Resultado das contas públicas é o destaque da agenda doméstica desta semana

As atenções da agenda econômica desta semana estarão voltadas para as divulgações dos dados de arrecadação e das contas públicas de março. A arrecadação de impostos e tributos, ainda sem data definida para divulgação, deve aumentar de R$92,4 bilhões para R$100,6 bilhões em março, impulsionada pelo incremento sazonal oriundo do recolhimento do Imposto de Renda. Caso nossa estimativa se confirme, a arrecadação federal terá alta anual de 0,6% em março. Na quinta-feira, o déficit primário do governo central de março deve ser reduzido de –R$26,3 para –R$9,2, influenciado pelo impacto positivo do Imposto de Renda na arrecadação. Entretanto, em 12 meses, continuaremos observando alta do déficit real. Na sexta-feira, o Banco Central divulgará o resultado primário consolidado de março. Além disso, na terça-feira, teremos a nota do setor externo de março: projetamos saldo negativo em conta corrente de US$ 420 milhões e Investimento Direto no País somando US$ 7 bilhões.

Em relação à inflação, após os dados do IPCA-15 apontarem para inflação ligeiramente abaixo do centro da meta nos últimos doze meses, o resultado do IGP-M de abril, a ser conhecido na quinta-feira, deverá reforçar nossa expectativa de continuidade de desinflação. O índice de inflação deve mostrar deflação de 1,08%, após ter registrado variação de 0,01% em março. O movimento deve ser liderado queda dos preços dos produtos agropecuários, refletindo a deflação dos grãos (soja e milho), das frutas (laranja e maça) e das carnes (bovinos e aves). Acerca deste último item, vale citar a fraca demanda devido aos efeitos da Operação Carne Fraca da Polícia Federal e do orçamento restrito das famílias. Além disso, o segmento Produtos Industriais também deve contribuir para a queda da inflação devido ao recuo do preço do Minério de ferro. Na quarta, o INCC-M, deve desacelerar de 0,36% para -0,02% em abril, influenciado pela deflação de Materiais e serviços da construção civil.

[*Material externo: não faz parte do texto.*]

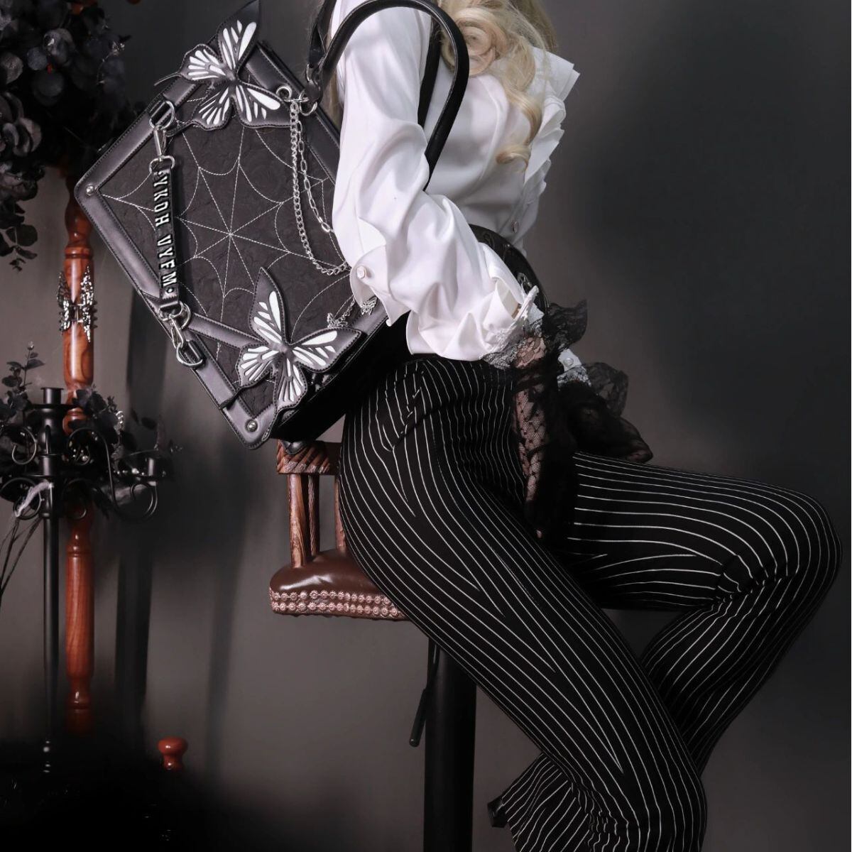 痛バッグ 痛バ 蝶 ゴシック トート 蜘蛛の巣 バタフライ アゲハ くもの巣 2WAY 推し活バッグ いたばっく いたば トートバッグ ハンドバッグ 6色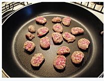 麦芬烤盘喷上一层油,加入香肠和韭葱。

A agenda doméstica também contará com a leitura da Pnad Contínua de março, na sexta-feira. Considerando o resultado negativo do mercado formal, reportado pelo Caged na semana passada, a taxa de desemprego de março deve subir de 13,2% para 13,7%, refletindo o aumento da força de trabalho e o aumento da desocupação. Com ajuste sazonal, estimamos que a taxa de desemprego subiu de 13,1% para 13,2%. Por fim, ao longo da semana, a FGV divulgará os resultados das sondagens referentes a abril.

A agenda internacional terá como destaque a primeira leitura preliminar do PIB dos Estados Unidos, na sexta-feira, referente ao primeiro trimestre deste ano. Os indicadores coincidentes já conhecidos sugerem um crescimento mais moderado da atividade no período, o que é compatível com maior gradualismo da normalização da política monetária. No mesmo dia, será divulgado o PIB do Reino Unido, também do primeiro trimestre, e a prévia do índice de inflação ao consumidor da Área do Euro de abril, que deverá mostrar continuidade da desaceleração dos preços de energia. Além disso, merecem destaques as decisões de política monetária do Japão e da Área do Euro, ambas na quinta-feira.